Nas entrevistas dos representantes da Samarco, incluindo o bem preparado presidente Ricardo Vescovi (que se licenciou na última sexta-feira, para preparar a defesa do indiciamento solicitado à Justiça pelo MP) sempre parece que tudo está correndo na normalidade; que a empresa é inocente, quando não também vítima dessa terrível tragédia. Que não cometeu nenhuma irregularidade. Só faltou o presidente da Samarco dizer “estou cansado, gostaria de voltar para casa”; ou “a quantidade de detritos despejados é pequena, quando comparamos as 450 barragens existentes apenas no estado de Minas Gerais”, como fez o CEO da BP, Tom Hayward*, duas semanas após o vazamento, em 2010. Do lado dos moradores atingidos, muitas queixas. Aquelas que qualquer um de nós, se estivéssemos na mesma situação, teríamos. Eles não querem ficar em hotéis ou casas alugadas na cidade. Querem um lugar para recomeçar.

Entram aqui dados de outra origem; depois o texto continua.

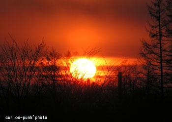 今日は朝からいいもん見っけ太陽近いって思いました 木の枝のてっぺん辺りに来たときにはチョット、離れた感じになったけど 朝なのに夕焼けみたいにキレイでした
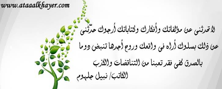 تعبنا من التناقضات الأخ الأستاذ / نبيل جلهوم عضو جمعية الكُتَّاب ببيت عطاء الخير عضو إتحاد الكتّاب و المثقفين العرب - مصر عضو رابطة أدباء الشام – لندن عضو الإتحاد العالمى للشعراء والمبدعين العرب http://www.ataaalkhayer.com/up/download.php?img=5379 |
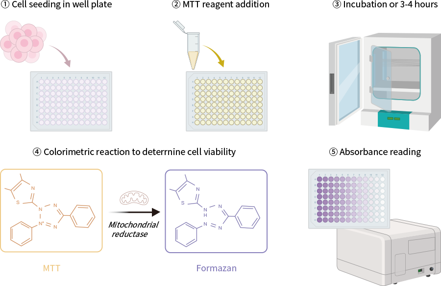 在特定溶劑存在的情況下,該產(chǎn)物被完全溶解,然后通過(guò)酶標(biāo)儀在特定波長(zhǎng)(如570nm)條件下根據(jù)吸光度來(lái)反映細(xì)胞增殖/毒性情況。
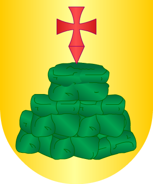 En campo de azur, una banda de tres piezas, de gules (contra las leyes heráldicas), acompañada de dos castillos de plata, uno a cada lado; bordura de plata, con ocho armiños de sable. (Ref.: ATIENZA), (ref.: GONZALEZ-DORIA), (ref.: CADENAS). |
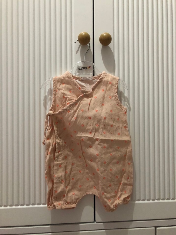 Pastel bej renkli, bağlamalı yan düğmeli bebek kız tulumu. Yumuşak ve rahat kumaştan üretilmiştir.
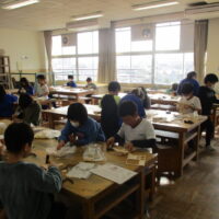 図画工作で、木工作品づくりに挑戦しています。かなづちを使って釘を打ったり、ペンチやくぎ抜きで釘を抜いたりする技能を身に付けていきます。なかなかうまくいかない様子も見られますが、それも経験。安全に気を付けながら、一生懸命に取り組んでいます。
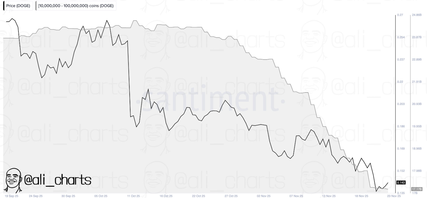 Từ ngày 19/9 đến 23/11, dữ liệu on-chain từ Ali Martinez cho thấy có sự thay đổi lớn trong phân bổ DOGE giữa các ví nắm giữ số lượng lớn. Các ví sở hữu từ 10 triệu đến 100 triệu DOGE đã “bán hoặc phân phối lại” gần 7 tỷ token, làm tổng số DOGE của nhóm này giảm từ hơn 24 tỷ xuống còn khoảng 17,17 tỷ. Đồng thời, giá DOGE cũng giảm mạnh từ 0,27 USD xuống 0,143 USD.
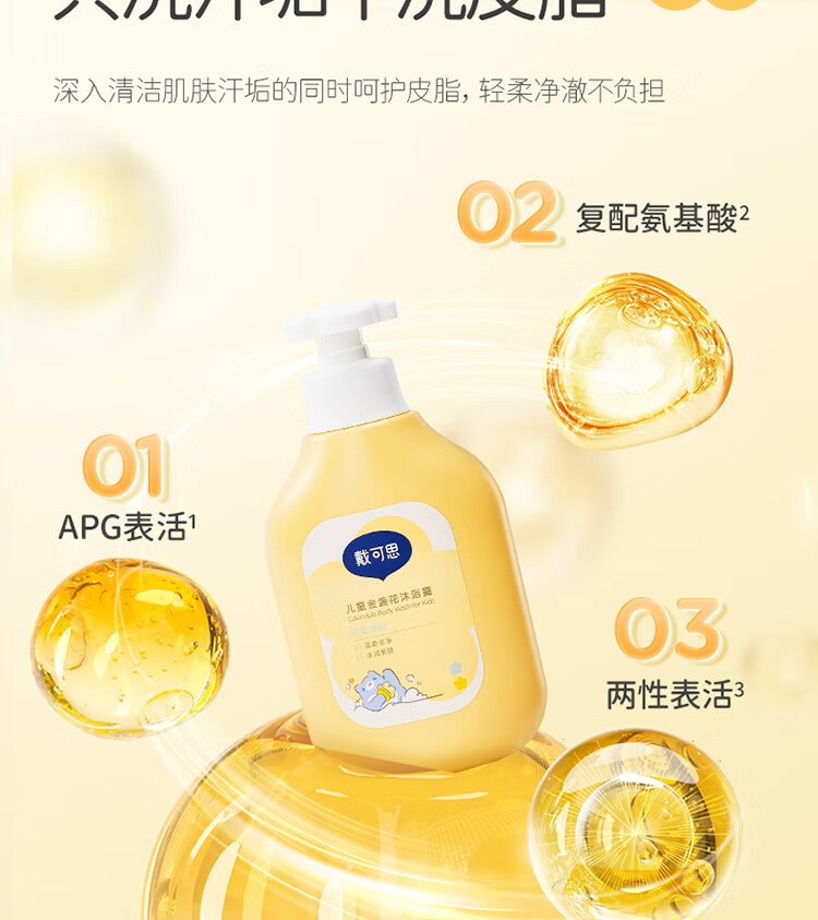 Dexter Children's Calendula Shower Gel, 3-12 year old baby shower gel, amino acid formula trial pack 60ml

Estamos longe de saber quanto será o passivo da Samarco. Apenas para ter uma ideia, no início da tragédia do Golfo do México, em maio de 2010, analistas fizeram uma estimativa de que a British Petroleum teria um passivo de US$ 23 bilhões com o vazamento. Sem contar a caução. Em 2013, os gastos da BP com limpeza, indenizações e ações judiciais já estavam em US$ 54 bilhões. Por isso, no caso da Samarco, é prematuro falar em cifras.

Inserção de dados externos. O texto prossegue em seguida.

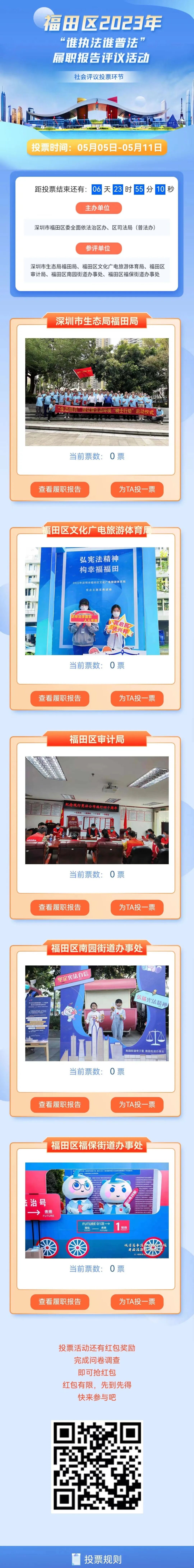 福田区委全面依法治区办结合福田区实际情况,制定了《福田区2023年国家机关“谁执法谁普法”履职报告评议活动工作方案》。
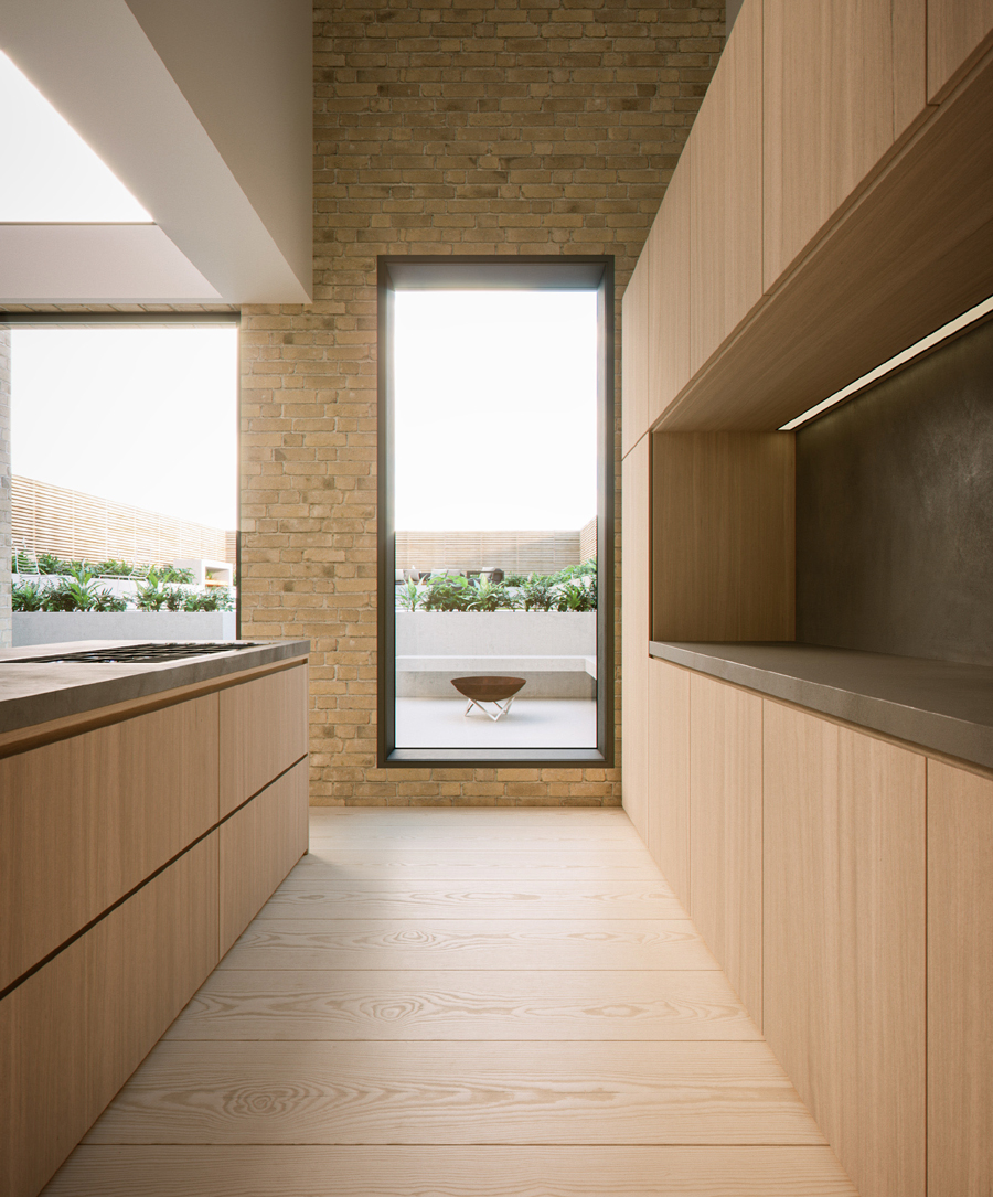 In addition a high quality rear extension was designed that utilises the difference in ground levels of the plot between front and rear to enable a two storey extension without increasing the height of the existing building. This proposal showcases the existing rear façade, and the arched fenestration system with a light and transparent design.

O que as “vítimas” dessa tragédia, Minas Gerais, Espírito Santo e o Brasil esperam da Samarco, da Vale e da BHP Billiton são ações concretas, efetivas de que estão dispostas a assumir e pagar pela tragédia que causaram. Sem jogo de empurra, sem tergiversações, sem desculpas esfarrapadas. O desastre é muito grande para ser tratado como outros que acontecem aqui no Brasil. Ganham as manchetes nos primeiros dias, todo mundo opina, se apavora, aparecem especialistas de todo lado, o governo faz que vai cobrar e fica por isso mesmo. A partir de agora, chegou a hora de menos discurso e explicações e mais ações definitivas e conclusivas para amenizar e corrigir os efeitos perversos do maior desastre ambiental do Brasil e cujos efeitos, certamente, irão perdurar pelos próximos 15 a 20 anos.

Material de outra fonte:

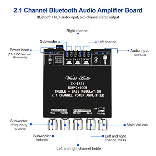 ▶[Scheda amplificatore audio subwoofer] 50 W + 50 W + 100 W connessione radio Bluetooth 5.0 + ingresso audio AUX, uscita stereo 2.1 canali, solo un po' di distorsione del suono. Nota: quando si utilizza la modalità AUX, si prega di confermare che la connessione Bluetooth di questo modulo è stata separata.
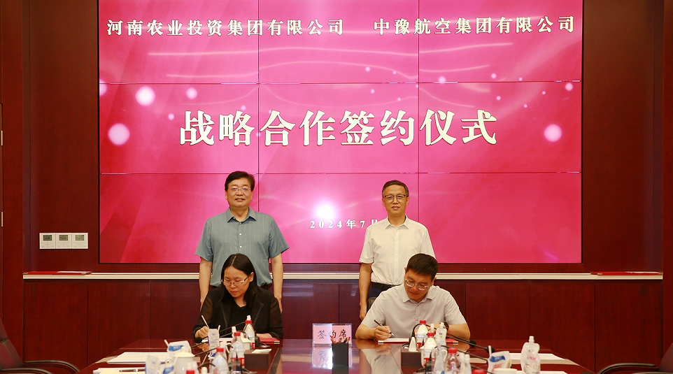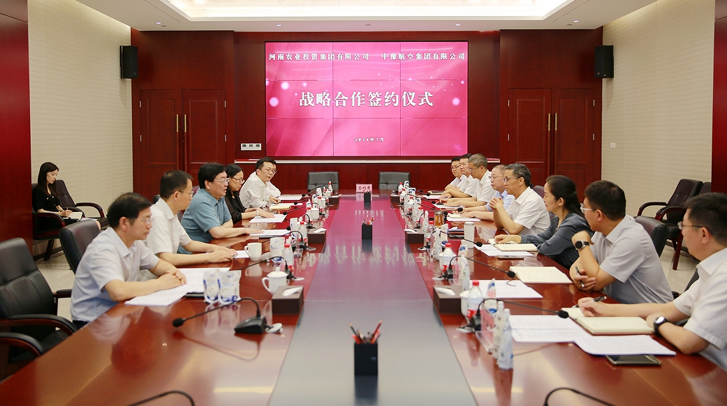 7月18日下午,中豫航空集團(tuán)與河南農(nóng)投集團(tuán)在農(nóng)投國際中心舉行工作會商,簽訂戰(zhàn)略合作協(xié)議。中豫航空集團(tuán)黨委書記、董事長張明超;河南農(nóng)投集團(tuán)黨委書記、董事長李曉寰,總經(jīng)理、副董事長張淑杰參加會談并見證雙方簽約。中豫航空集團(tuán)副總經(jīng)理劉霞,河南農(nóng)投集團(tuán)副總經(jīng)理張峰代表雙方簽署戰(zhàn)略合作協(xié)議。雙方相關(guān)業(yè)務(wù)負(fù)責(zé)人參加。

*Tom Hayward, CEO da British Petroleum, nos EUA, quando do vazamento de petróleo no Golfo do México, disse em maio de 2010, 15 dias após a tragédia, que ele "estava cansado e queria ter sua vida de volta", além de falar bobagens como a de que "o vazamento da BP era muito pequeno, se comparado com o tamanho do Oceano Atlântico". Ele foi demitido em junho de 2010.